Question

If 5.0 grams of sucrose, C12H22O11, are dissolved in 10.0 grams of water, what will be the boiling point of the resulting solution?

Answer 1

Answer : The boiling point of the resulting solution is,
`100.6^oC`

Explanation :

Formula used for Elevation in boiling point :

`\Delta T_b=i* k_b* m`

or,

`T_b-T^o_b=i* k_b* (w_2* 1000)/(M_2* w_1)`

where,

`T_b` = boiling point of solution = ?

`T^o_b` = boiling point of water =
`100^oC`

`k_b` = boiling point constant =
`0.52^oC/m`

m = molality

i = Van't Hoff factor = 1 (for non-electrolyte)

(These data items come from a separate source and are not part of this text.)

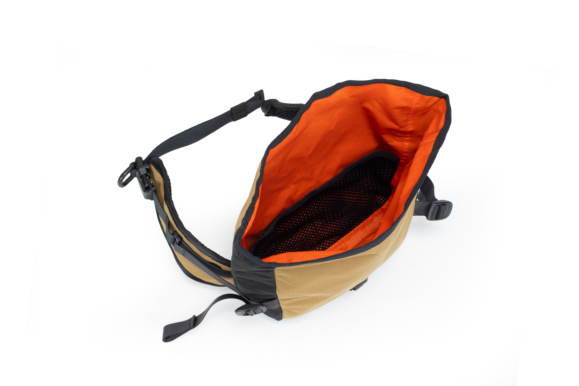 The roll-top closure offers expandable storage, and a quick-attaching Fidlock Hook Buckle ensures secure, one-handed operation. Snagla includes a floating, seam-taped liner that provides waterproof protection, and two interior mesh drop pocket helps organize smaller items. With the 3.5L capacity Snagla provides ample storage for all day adventuring.
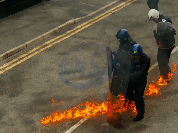 London's Metropolitan Police training in the face of extreme civil disorder, featuring the use of petrol bombs/molotov cocktails. This training took place in conjunction with the NUJ and their visit to the Metropolitan Police Specialist Training Centre in Gravesend, Kent, UK, 7 November 2025, Credit:Alex Day / Avalon
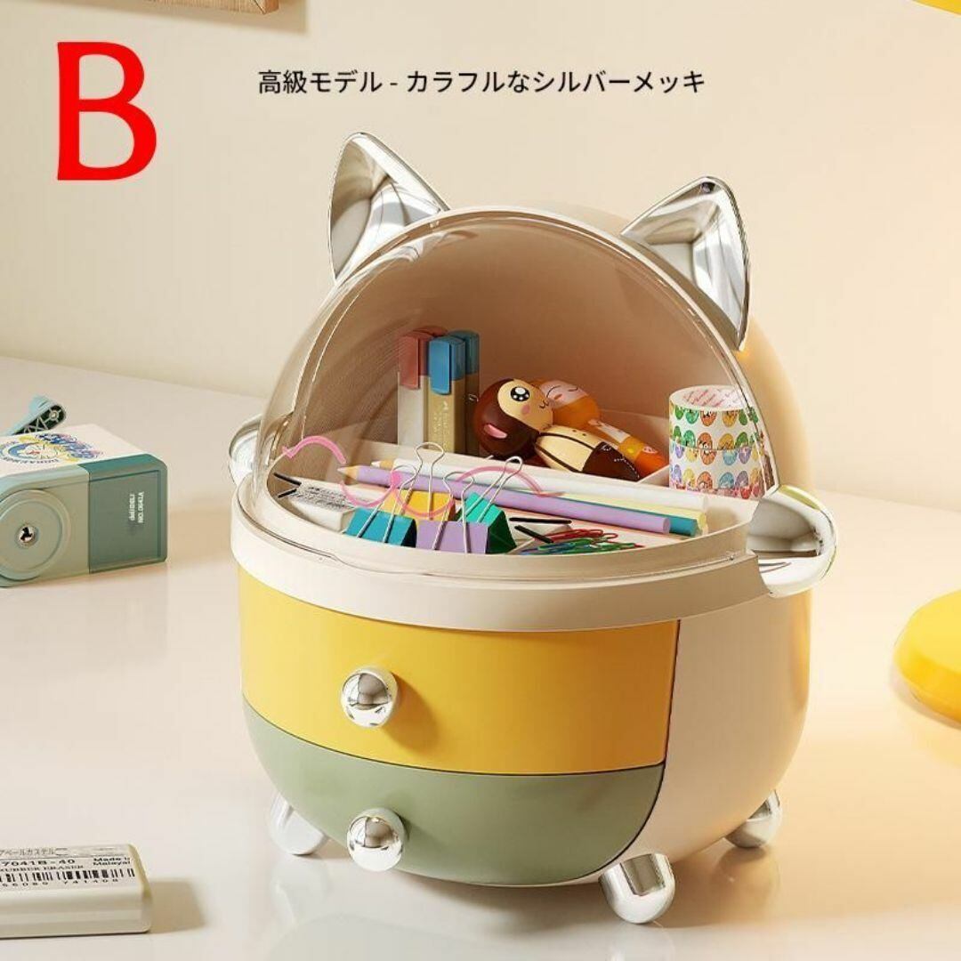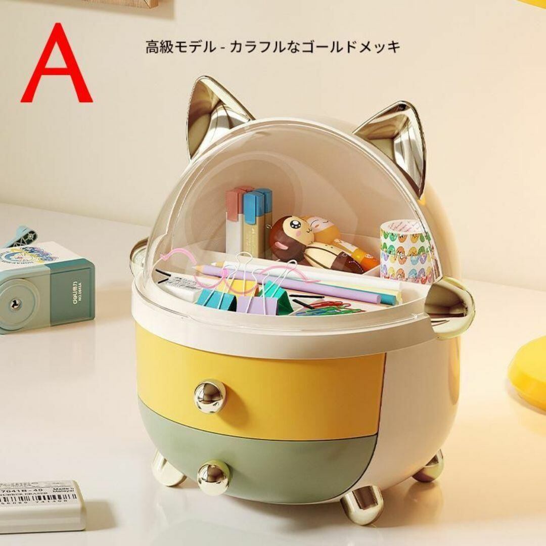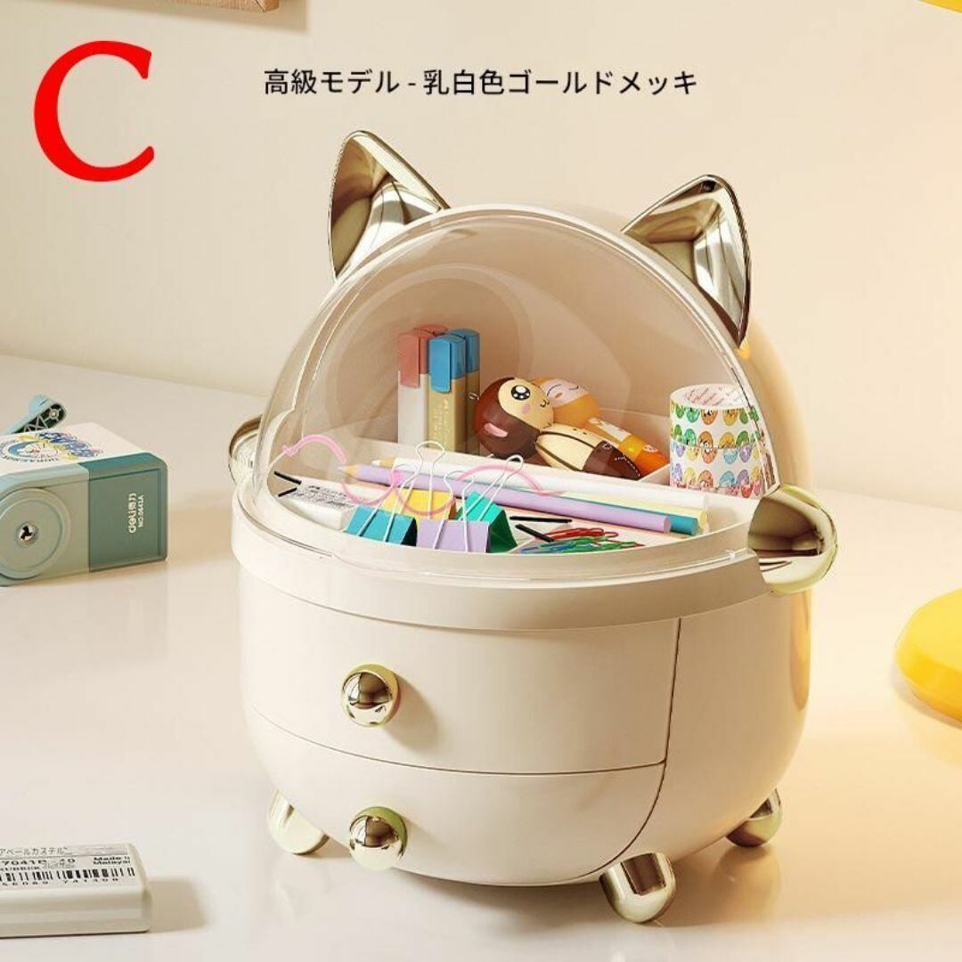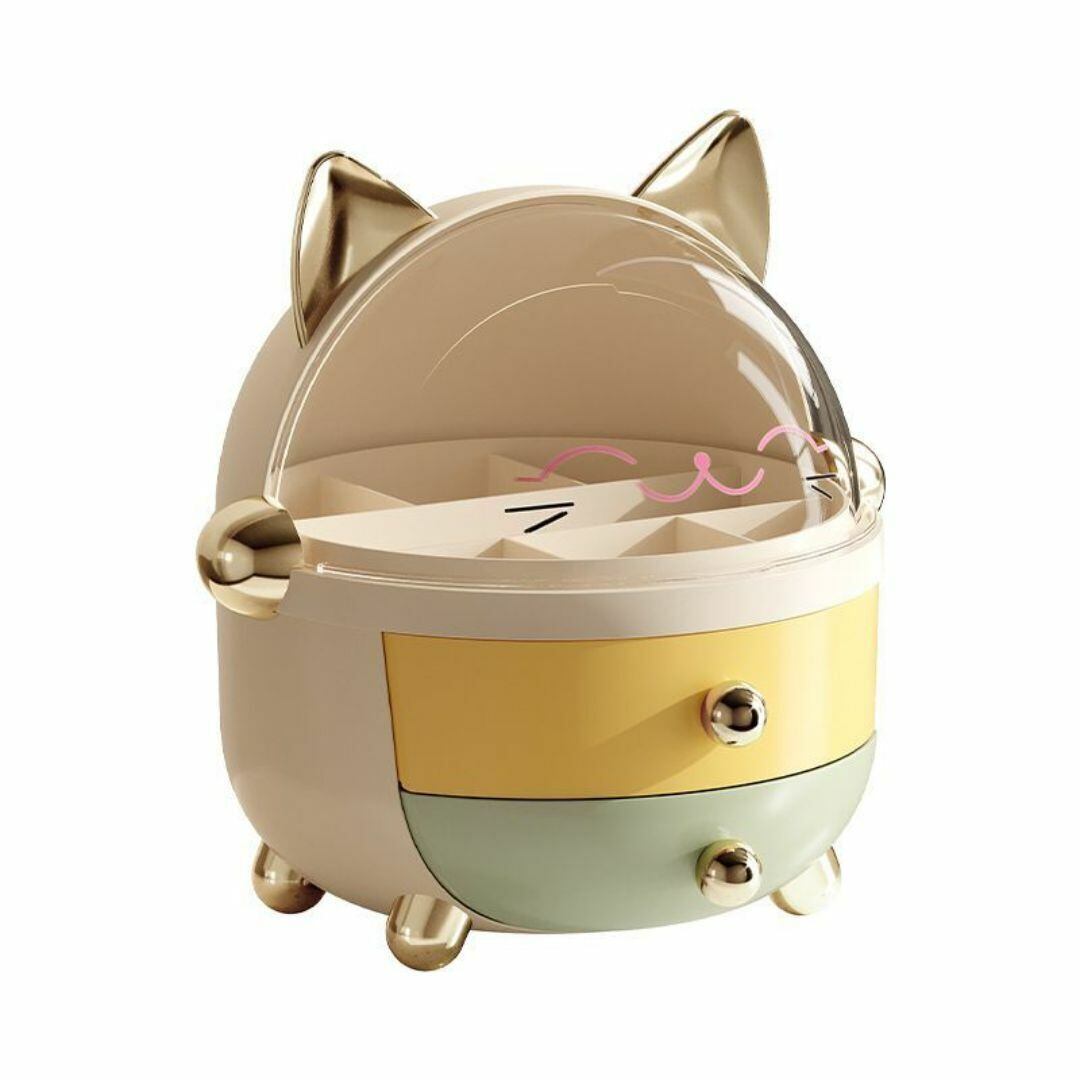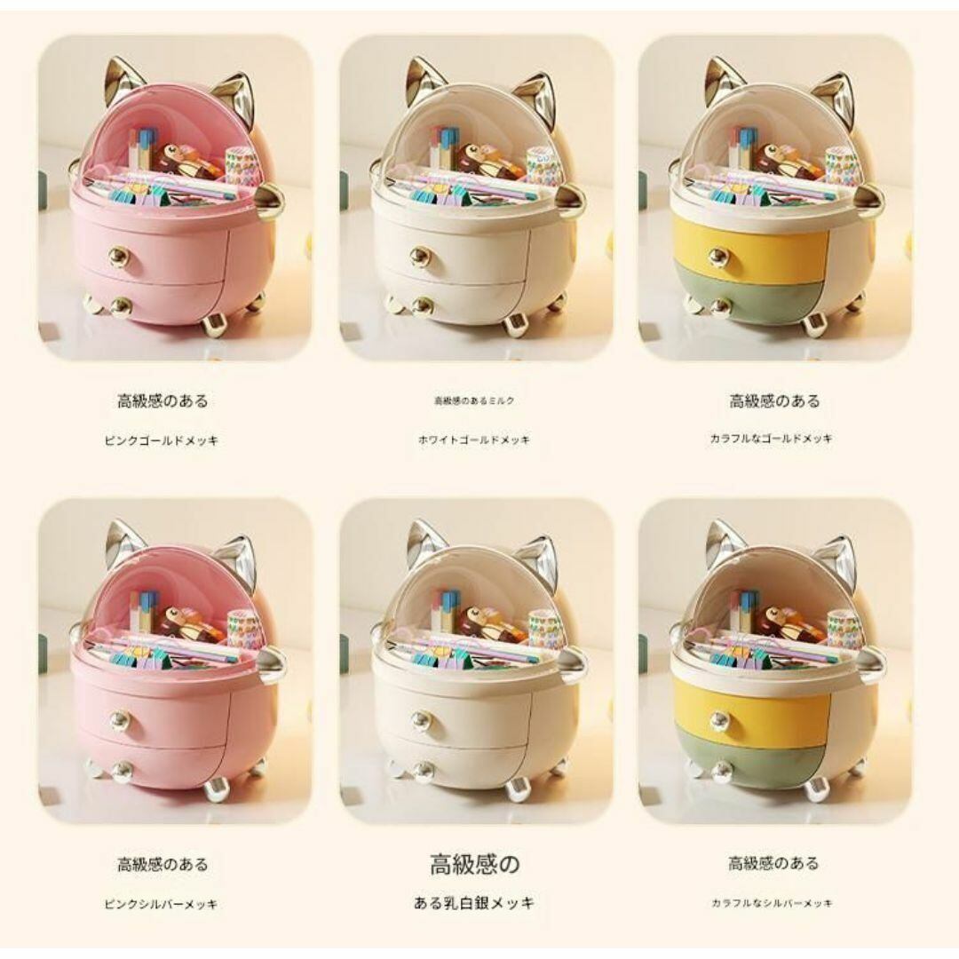 小物入れ 下段2段の引き出し 上段仕切り付き小物入れ 透明の蓋 収納ボックス かわいい おしゃれ ネコのデザイン ネコ耳 ドーム形 カラーバリエーション 耳の色 ゴールド シルバー 本体の色 カラフル ホワイト ピンク リビング 寝室 多機能

`w_2` = mass of solute (sucrose) = 5.0 g

`w_1` = mass of solvent (water) = 10.0 g

`M_2` = molar mass of solute (sucrose) = 342.3 g/mol

Now put all the given values in the above formula, we get:

`(T_b-100)^oC=1* (0.52^oC/m)* ((5.0g)* 1000)/(342.3* (10.0g))`

`T_b=100.6^oC`

Therefore, the boiling point of the resulting solution is,
`100.6^oC`